WHAT YOU WILL DO: Required from the data below: the exact lines starting at the line containing "Green Gold Moissanite" and ending at the line containing "FX rate to USD", with both ends kept and all pictures dropped.

EXERCISE DATA:
• • • • •

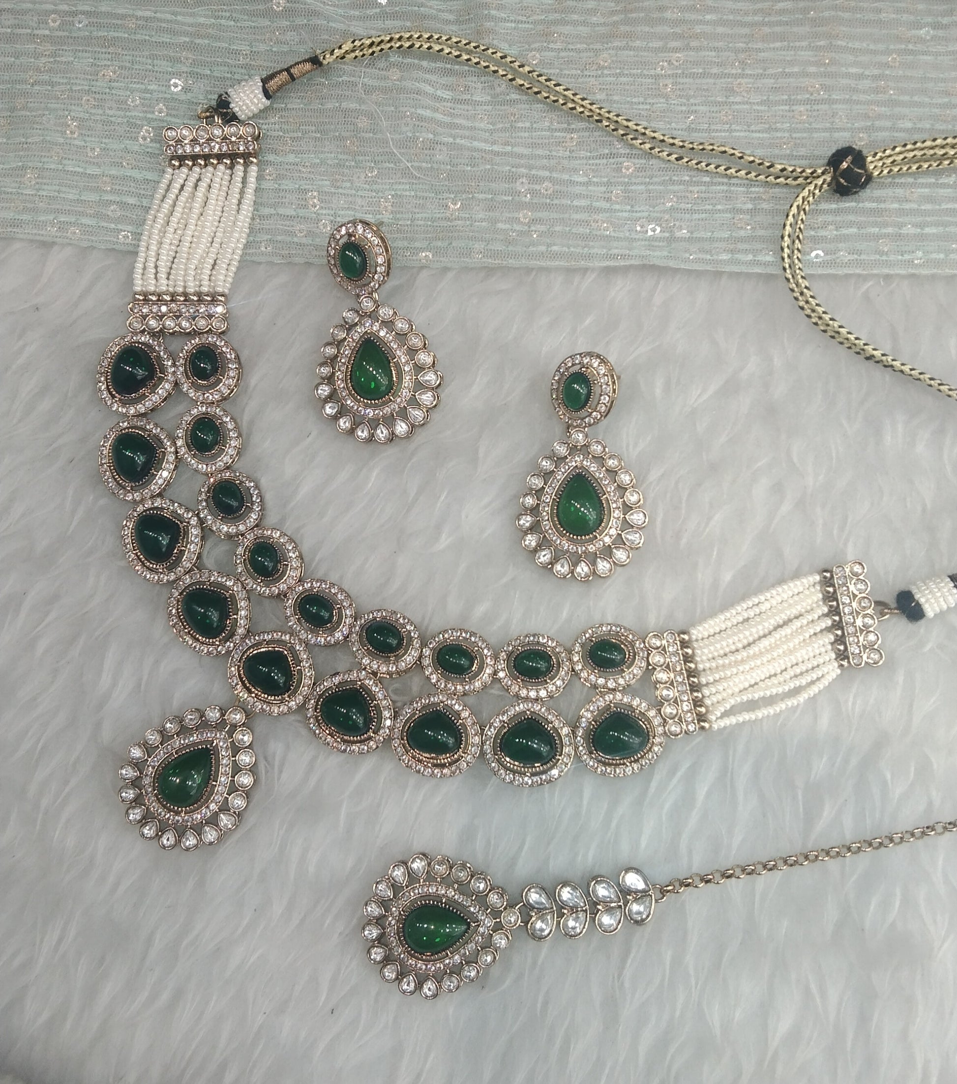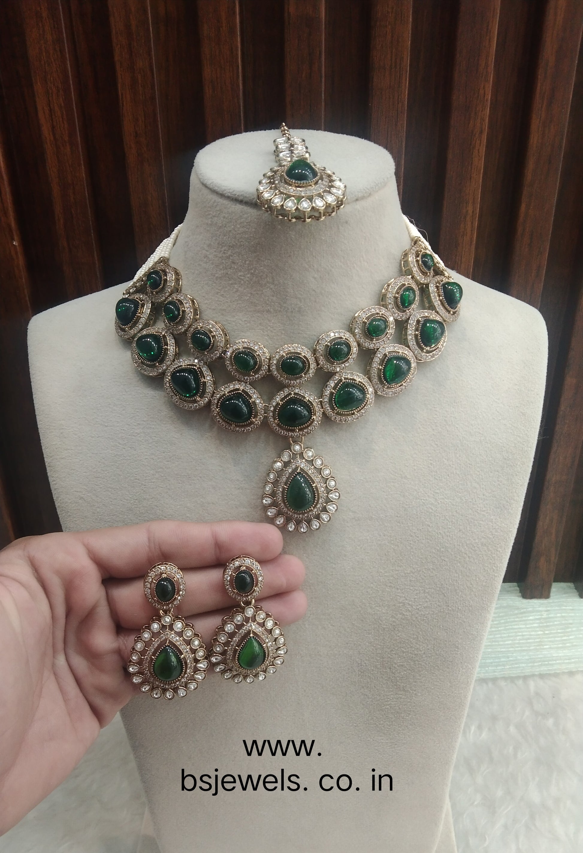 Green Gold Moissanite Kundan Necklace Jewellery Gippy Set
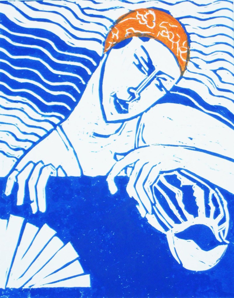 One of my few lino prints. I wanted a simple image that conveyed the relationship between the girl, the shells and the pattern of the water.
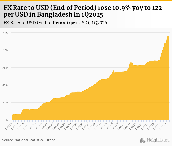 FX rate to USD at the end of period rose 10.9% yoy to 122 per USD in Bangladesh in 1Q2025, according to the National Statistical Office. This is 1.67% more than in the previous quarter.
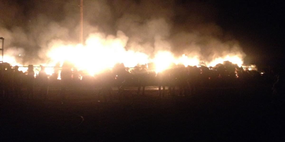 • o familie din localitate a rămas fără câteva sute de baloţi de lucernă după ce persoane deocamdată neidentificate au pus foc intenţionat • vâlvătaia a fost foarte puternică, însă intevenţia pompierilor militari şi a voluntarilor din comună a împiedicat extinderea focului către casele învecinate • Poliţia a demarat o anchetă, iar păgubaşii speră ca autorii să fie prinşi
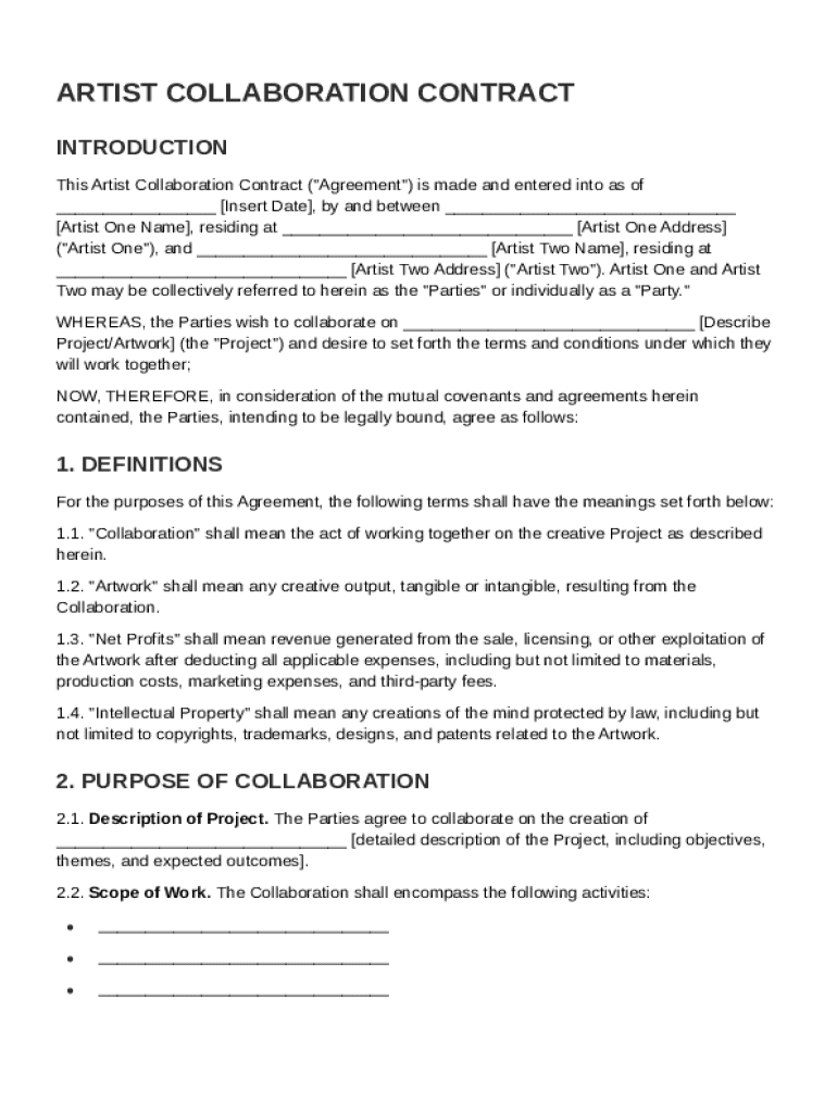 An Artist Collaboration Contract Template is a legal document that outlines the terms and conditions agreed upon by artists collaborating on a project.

• • • • •

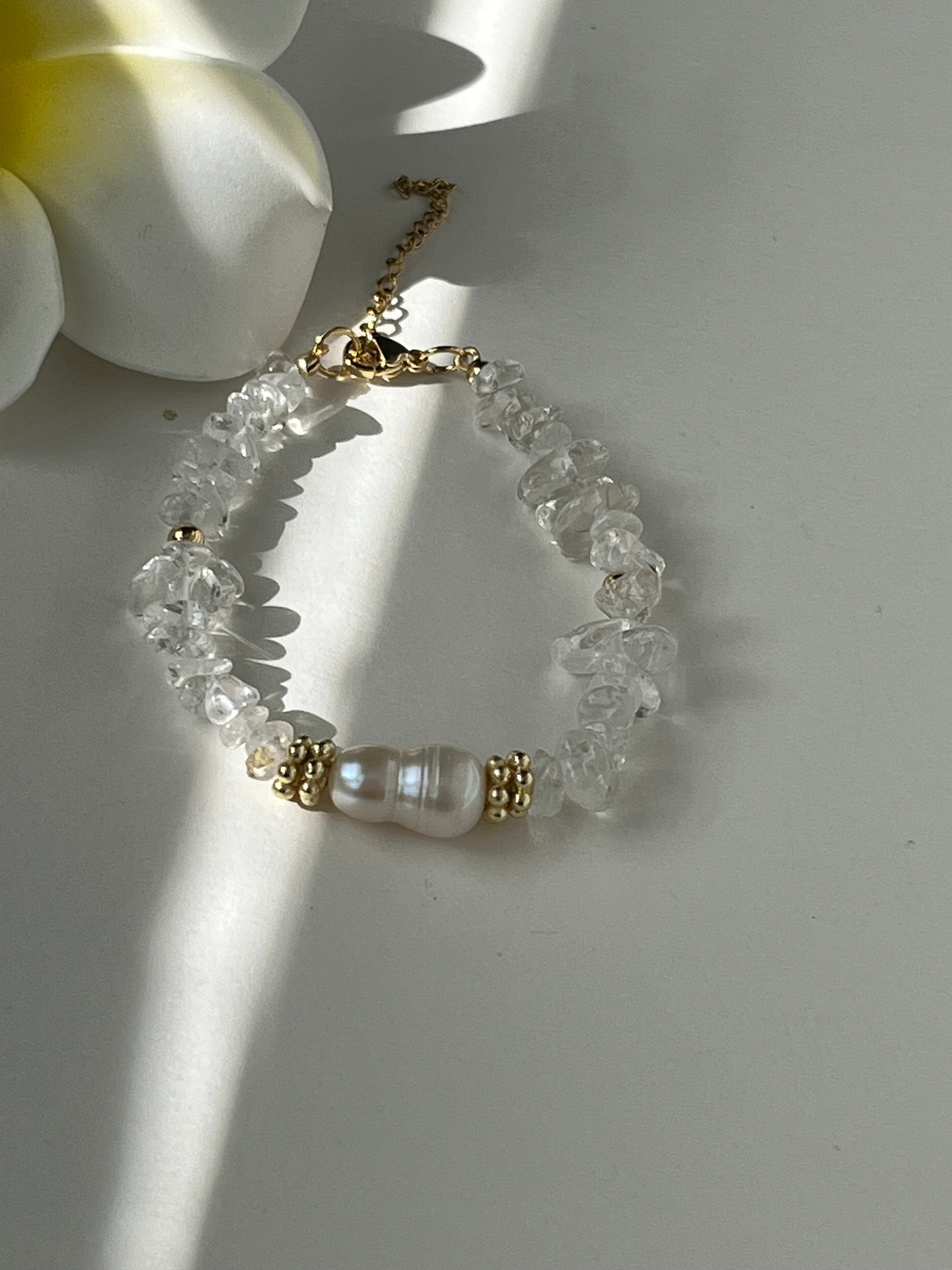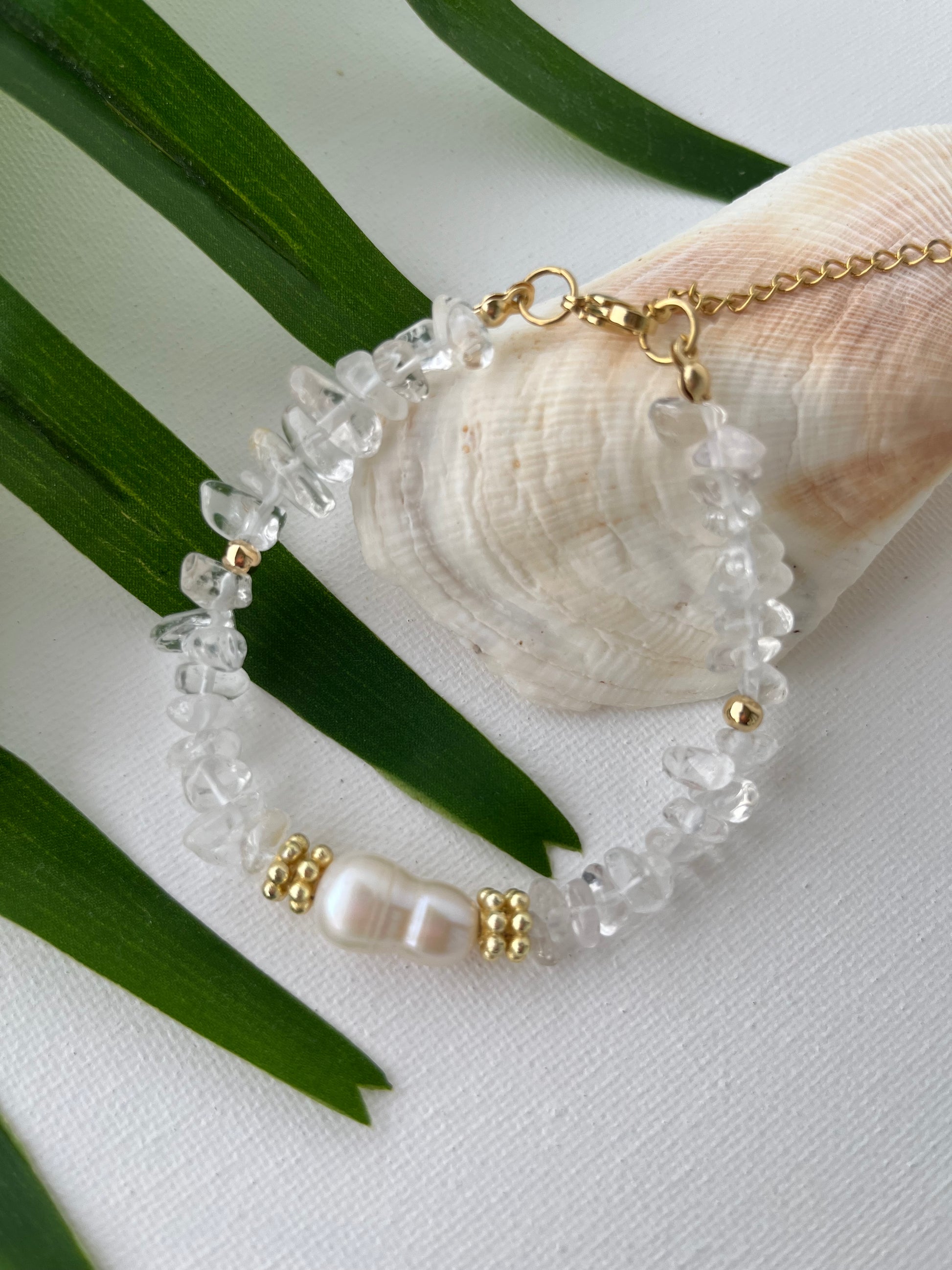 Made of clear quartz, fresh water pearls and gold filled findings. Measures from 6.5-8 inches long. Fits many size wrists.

• • • • •

OUTPUT FOR THIS EXERCISE:
 Green Gold Moissanite Kundan Necklace Jewellery Gippy Set
 One of my few lino prints. I wanted a simple image that conveyed the relationship between the girl, the shells and the pattern of the water.
 FX rate to USD at the end of period rose 10.9% yoy to 122 per USD in Bangladesh in 1Q2025, according to the National Statistical Office. This is 1.67% more than in the previous quarter.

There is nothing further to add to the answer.